Eating habits are strongly influenced by ethnicity and region. For example, the Chinese have a very complex diet (8). A large number of current postprandial glucose prediction models for type 1 diabetes are based on Western dietary structures. Due to the complexity and uniqueness of the dietary structure, postprandial glycaemic control in Chinese patients with T1D faces unique challenges.

Therefore, the aim of this study was to construct a personalised model for predicting PPGR applicable to patients with T1D by collecting data on insulin dose, nutrient content of diet and additional clinical indicators from 13 patients with T1D in Kunming, Yunnan Province, in order to better guide the dietary plan as well as the dose of insulin intake in patients with T1D.

2 Materials and methods

2.1 Research object

This study used data provided by the First People’s Hospital of Yunnan Province for the period from September 2023 to January 2024. Thirteen patients with T1D (10 females and 3 males) were recruited in Kunming, Yunnan Province, and an intervention lasting at least two weeks was provided to each patient. Following were the criteria for inclusion (1): aged 18 years or older. (2) Diagnosed with diabetes for more than 1 year. Participation in the study was excluded if the participant was suffering from active inflammatory, neoplastic disease, pregnancy or a history of antibiotic use in the three months before participation in the study, chemotherapy or radiotherapy in the past 2 months, chronic gastrointestinal disease, and chronic anaemia.

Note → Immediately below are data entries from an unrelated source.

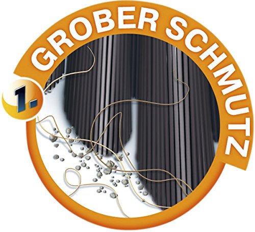 Veegschepset voor een moeiteloze en grondige opname van stof en kruimels zonder resten. Overtuigende veegprestaties dankzij 2-in-1 borstelconcept. Fijne, zwarte borstelharen vegen moeiteloos alle vuildeeltjes samen. De dikke, rode frontborstelharen zorgen voor een optimale reiniging van hoeken, voegen en randen. Een stabiele en overgangsloze rubberen lip maakt een eenvoudig en grondig opvegen mogelijk.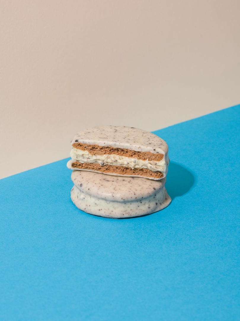Alfajor crocante com recheio sabor chocolate branco e cobertura sabor chocolate branco com biscoitos triturados.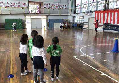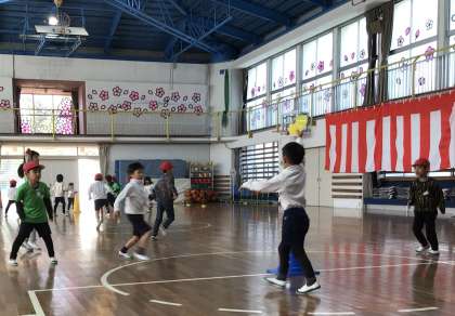 お楽しみ会前半は、体育館で「スポーツ鬼ごっこ」と「だるまさんが転んだ」を行いました。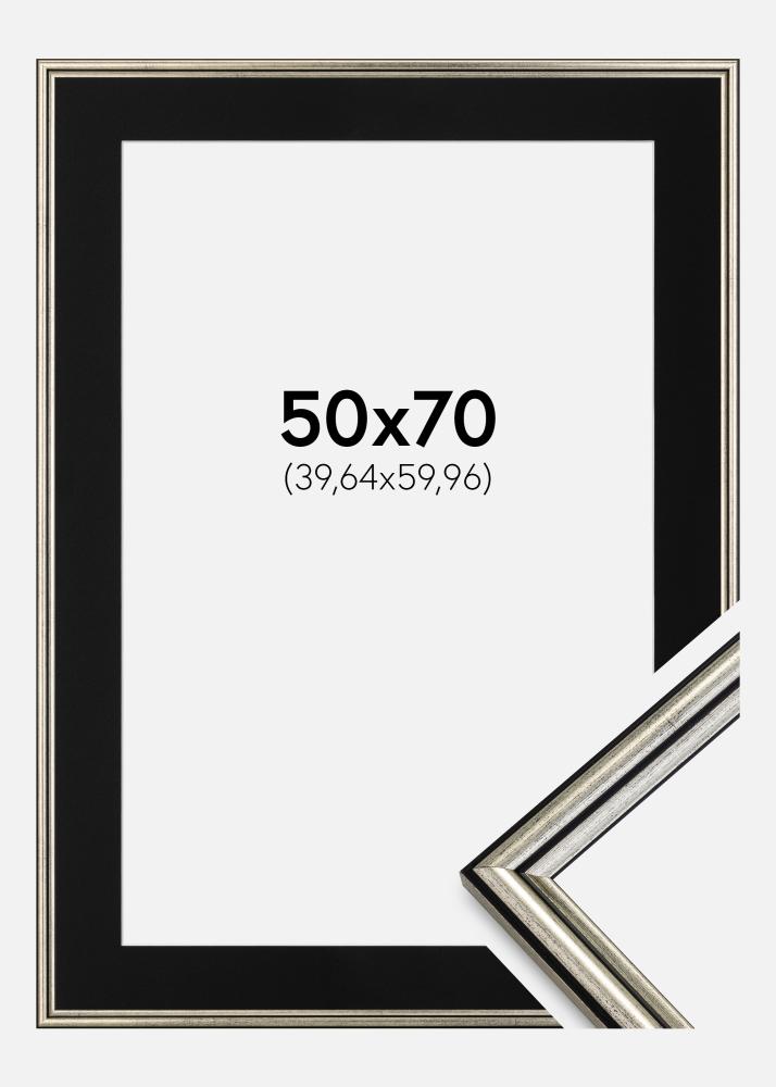 Rahmen Horndal Silber 50x70 cm - Passepartout Schwarz 16x24 inches

During the study period, all participating patients agreed to wear the SIBIONICS GS1 CGM continuous glucose monitoring device, which uses a subcutaneous sensor to measure blood glucose levels at five-minute intervals, under free-living conditions. The SIBIONICS GS1 Continuous Glucose Monitoring (CGM) System is a 14-day calibration-free RT-CGM that supports data sharing with caregivers and seamlessly integrates with the advanced ProView Remote Access Platform, enabling healthcare providers to monitor patients remotely. Clinical evaluations and user feedback have demonstrated excellent accuracy, with the GS1 CGM achieving a Mean Absolute Relative Difference (MARD) of 8.83%, a key measure of glucose monitor accuracy (lower MARD values indicate higher accuracy). In addition, the GS1 CGM has been tested in a variety of environments, including with over 1,600 hospitals, and has been used by over 600,000 users (9, 10).

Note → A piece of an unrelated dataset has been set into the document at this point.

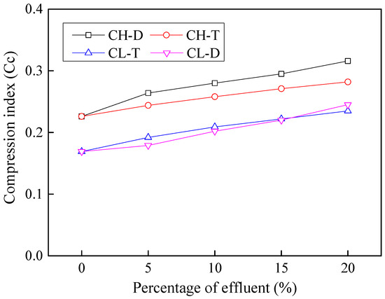 - Contamination with industrial effluents was observed to cause around 30%–40% increase in compression index Cc of soil. An increase in Cc value suggests that the tendency of the soil to shrink or expand upon the intrusion of moisture is enhanced, which can lead to distress in structures constructed on such soils.
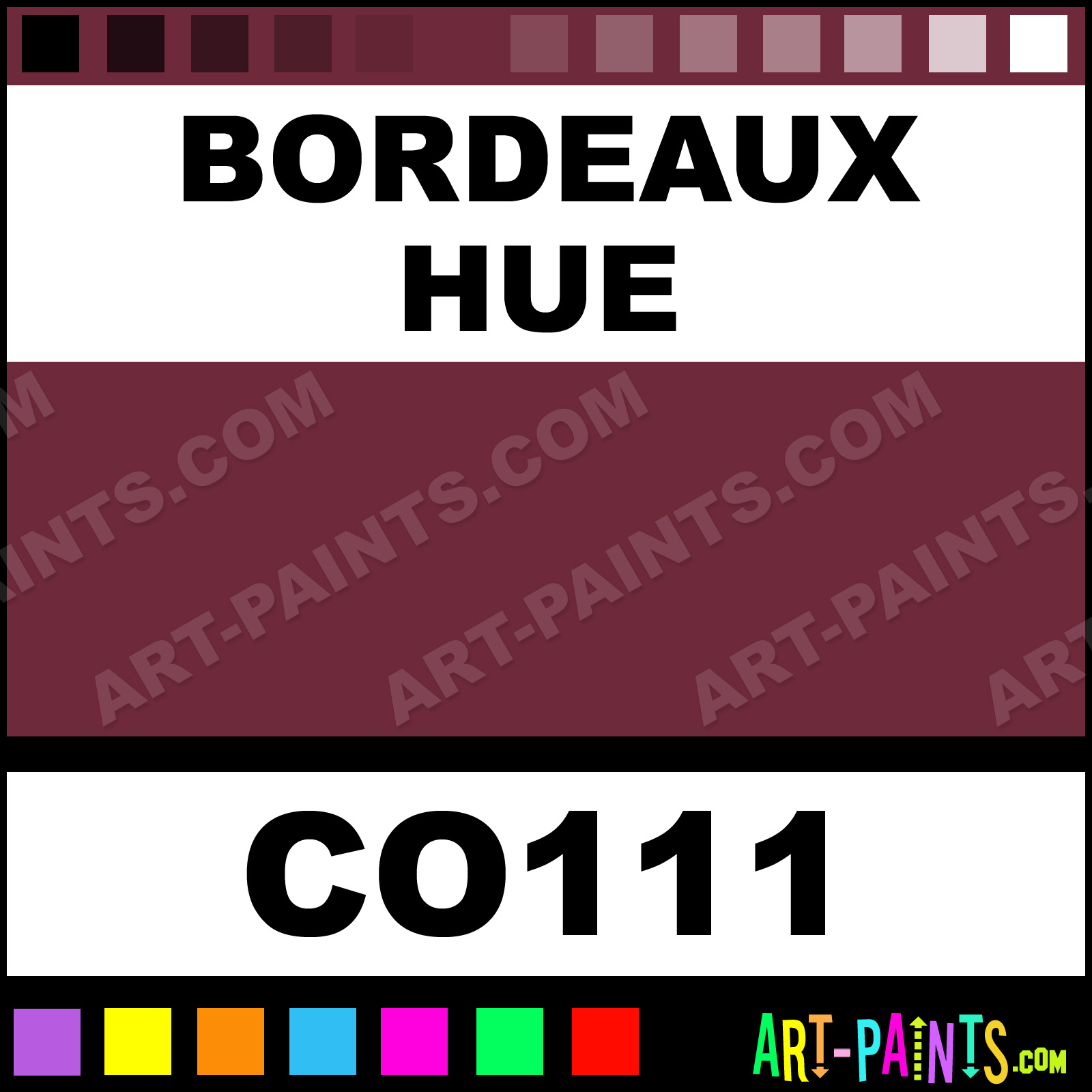 This beautiful Opaque Stain Ceramic shade is called Bordeaux, and comes from a company called Nowell. Their product number, along with the HTML color code, RGB, and CMYK codes are listed below. This Beautiful Shade of Bordeaux and others can be found in the Nowell Opaque Stain Art Paint Gallery! Also be sure to browse through the other wonderful Professional Color Galleries to see more of Nowell Opaque Stain Ceramic Porcelain, Pottery, Bisque, Greenware Brand Paints and other Paint Manufacturers. And as always, Paint Paint Paint! -Art-Paints.com

Prior to wearing the continuous glucose monitoring device, medical staff collected comprehensive information from each patient, including anthropometric measurements (e.g., height, weight), a set of blood tests, and lifestyle and basic information questionnaires (gender, age, etc.). Patients were requested to adhere to their usual daily routines and dietary patterns, reporting their dietary intake for breakfast, lunch and dinner to physician on a daily basis in real-time. The weight of each meal was weighed by the patients themselves and then registered by the physician, and a mobile app - Sugar Sugar Circle’s food bank of foods was used to measure carbohydrate, protein and fat content. Sugar Sugar Circle is a mobile app for blood sugar self-management and peer support for people with type 1 diabetes. It provides a food bank of up to more than 300,000 food items, which is very much in line with Chinese dietary habits, and allows for quick access to nutrient information for the food you want to find, as well as quick calculation of nutrient content using a weight scale. The physician must accurately document the specific nutritional components and timing details of patients’ meals. Reported meal times were rounded to the nearest 5-minute interval. To improve compliance, patients were told that accurate recording was essential to obtain an accurate analysis of the PPGR of foods. Insulin was manually infused by the physicians before the patients’ meals and the exact insulin dose was recorded.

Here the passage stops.